-- Provided material --

= Beginning of Section =

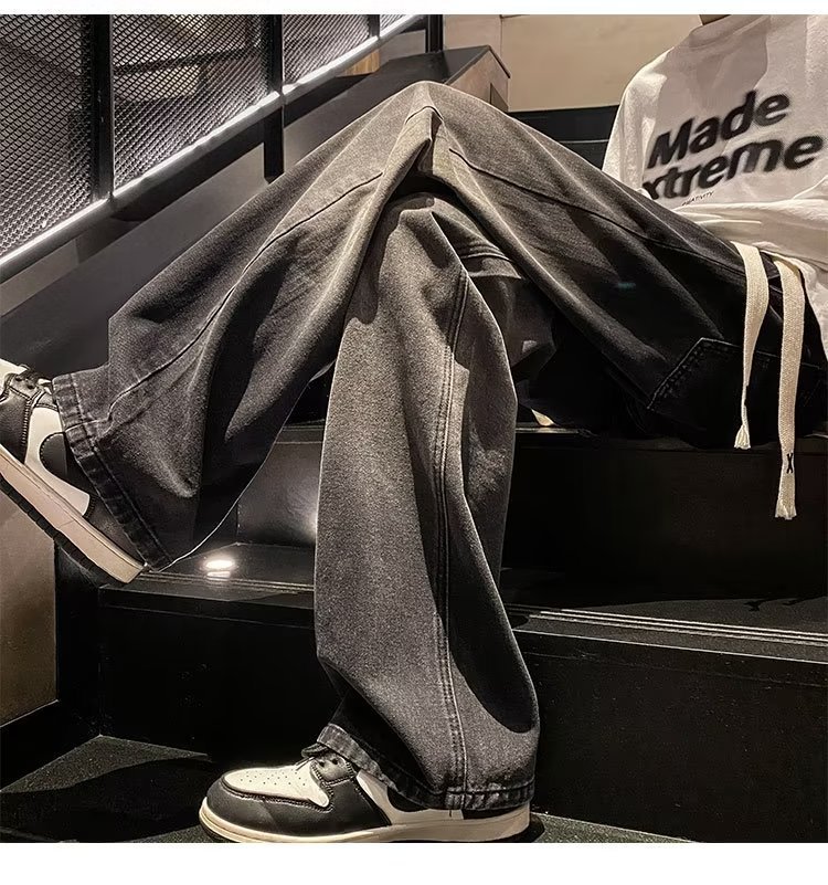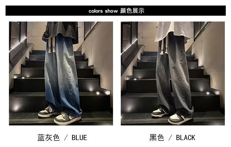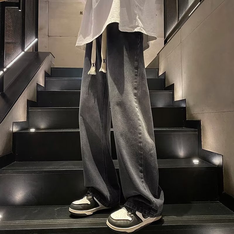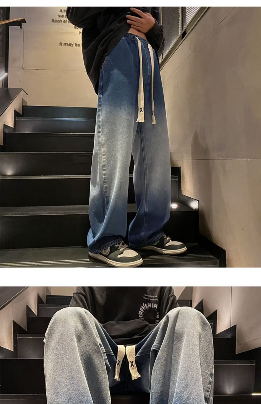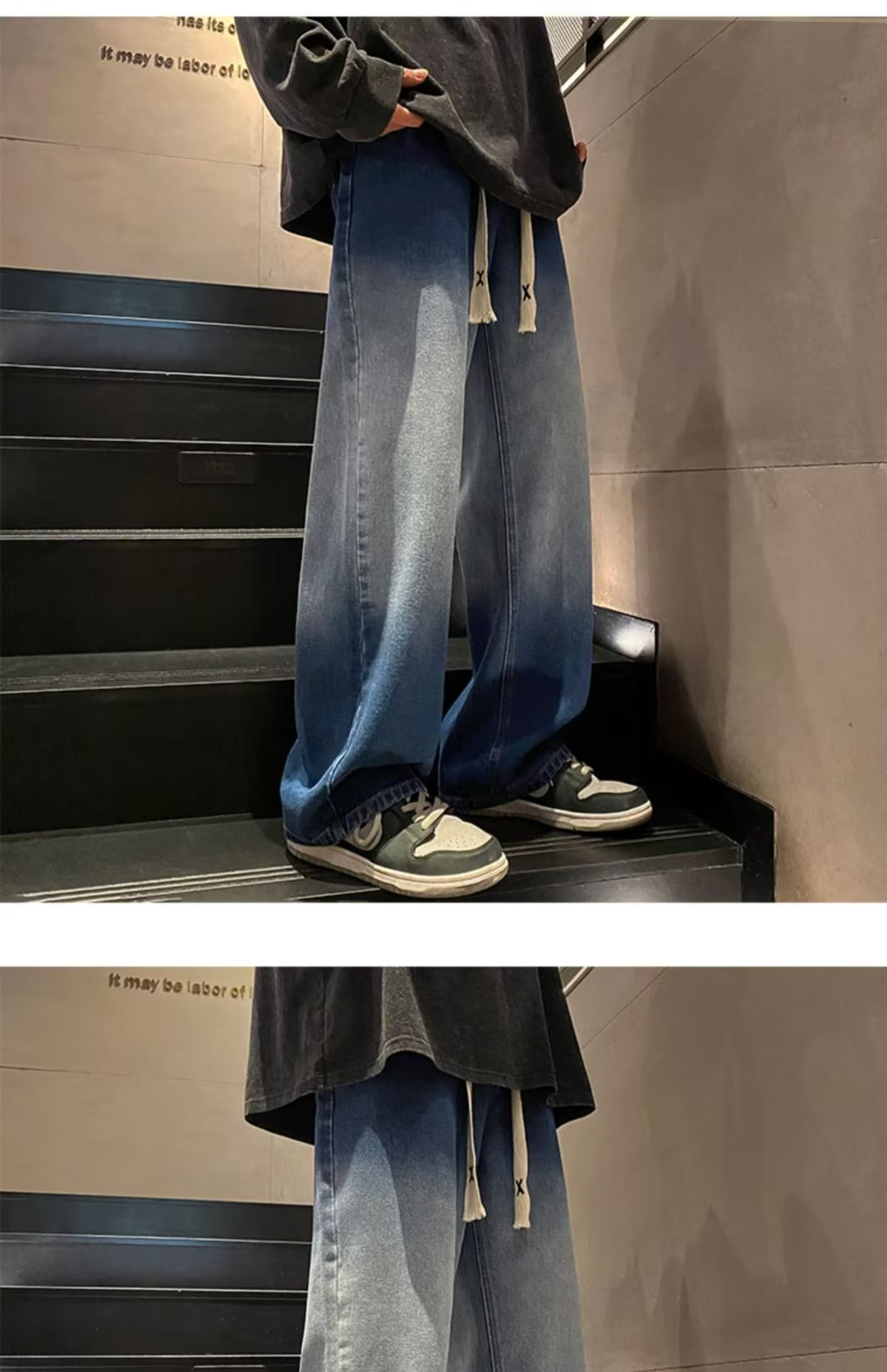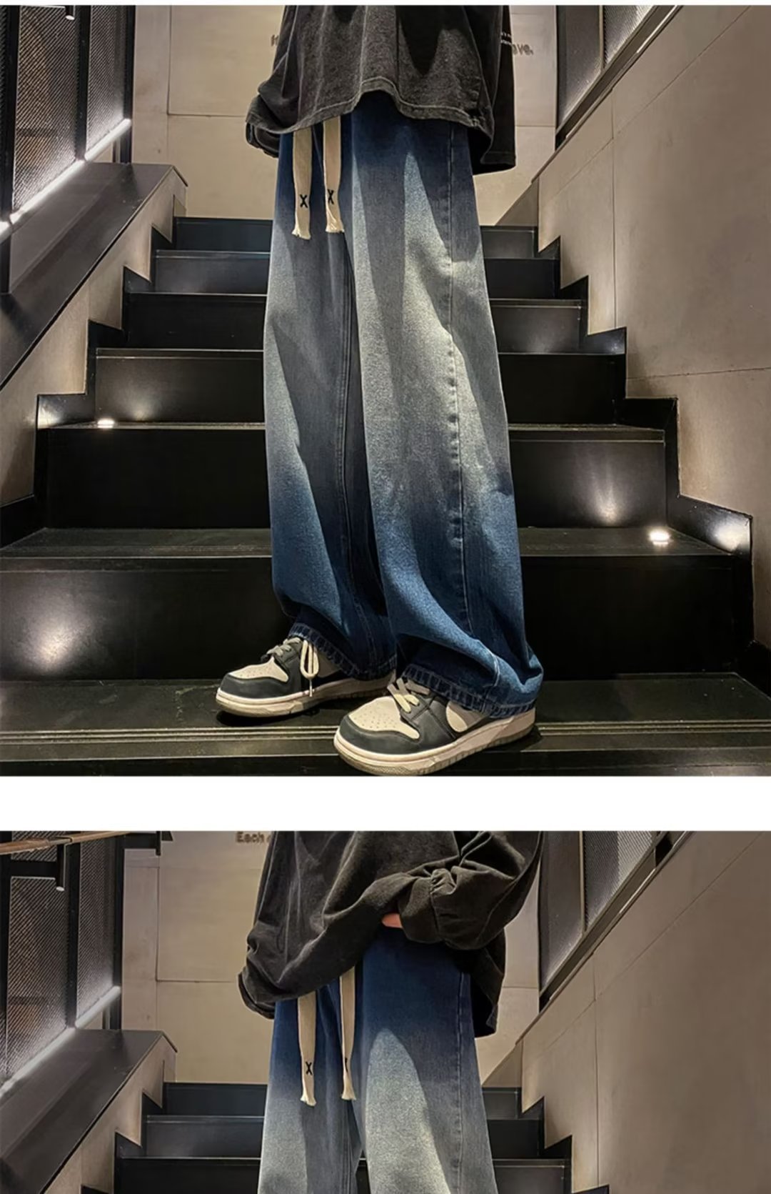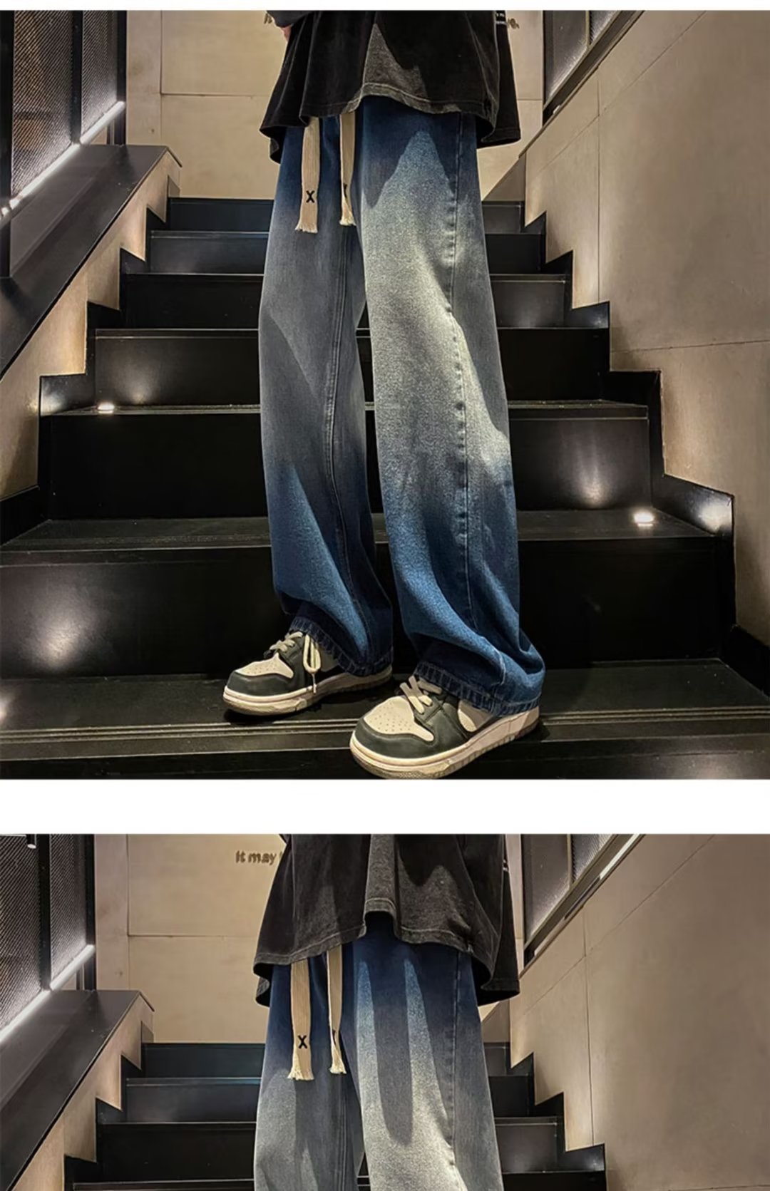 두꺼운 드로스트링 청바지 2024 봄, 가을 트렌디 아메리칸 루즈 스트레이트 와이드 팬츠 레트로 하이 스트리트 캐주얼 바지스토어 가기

= End of Section =
= Beginning of Section =

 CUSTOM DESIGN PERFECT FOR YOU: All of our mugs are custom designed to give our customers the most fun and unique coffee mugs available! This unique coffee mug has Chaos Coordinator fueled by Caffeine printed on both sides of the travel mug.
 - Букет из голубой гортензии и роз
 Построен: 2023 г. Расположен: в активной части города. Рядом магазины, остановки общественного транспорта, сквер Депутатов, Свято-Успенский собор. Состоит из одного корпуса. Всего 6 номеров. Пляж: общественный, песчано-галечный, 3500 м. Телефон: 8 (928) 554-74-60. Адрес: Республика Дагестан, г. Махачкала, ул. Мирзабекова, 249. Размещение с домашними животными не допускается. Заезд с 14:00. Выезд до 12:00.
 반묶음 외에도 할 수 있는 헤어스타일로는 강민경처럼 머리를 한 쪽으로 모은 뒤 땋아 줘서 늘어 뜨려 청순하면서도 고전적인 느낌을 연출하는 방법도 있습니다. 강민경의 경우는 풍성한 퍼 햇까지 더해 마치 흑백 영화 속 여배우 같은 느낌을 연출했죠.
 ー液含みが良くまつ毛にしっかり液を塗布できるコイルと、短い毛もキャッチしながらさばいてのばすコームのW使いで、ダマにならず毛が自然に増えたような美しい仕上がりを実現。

= End of Section =
= Beginning of Section =

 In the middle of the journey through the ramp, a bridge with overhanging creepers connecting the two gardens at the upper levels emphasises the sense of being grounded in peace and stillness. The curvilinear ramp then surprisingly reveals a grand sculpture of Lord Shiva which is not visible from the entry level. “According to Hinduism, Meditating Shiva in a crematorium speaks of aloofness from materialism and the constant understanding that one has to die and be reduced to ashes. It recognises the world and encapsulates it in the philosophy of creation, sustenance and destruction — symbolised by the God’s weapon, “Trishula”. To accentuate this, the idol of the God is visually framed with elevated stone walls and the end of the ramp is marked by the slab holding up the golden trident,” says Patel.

= End of Section =

-- About this exercise --
Set down precisely the lines above between the line holding "CUSTOM DESIGN PERFECT" and the line holding "- Букет из голубой гортензии и роз", inclusive, and nothing beyond them.

-- Expected answer --
 CUSTOM DESIGN PERFECT FOR YOU: All of our mugs are custom designed to give our customers the most fun and unique coffee mugs available! This unique coffee mug has Chaos Coordinator fueled by Caffeine printed on both sides of the travel mug.
 - Букет из голубой гортензии и роз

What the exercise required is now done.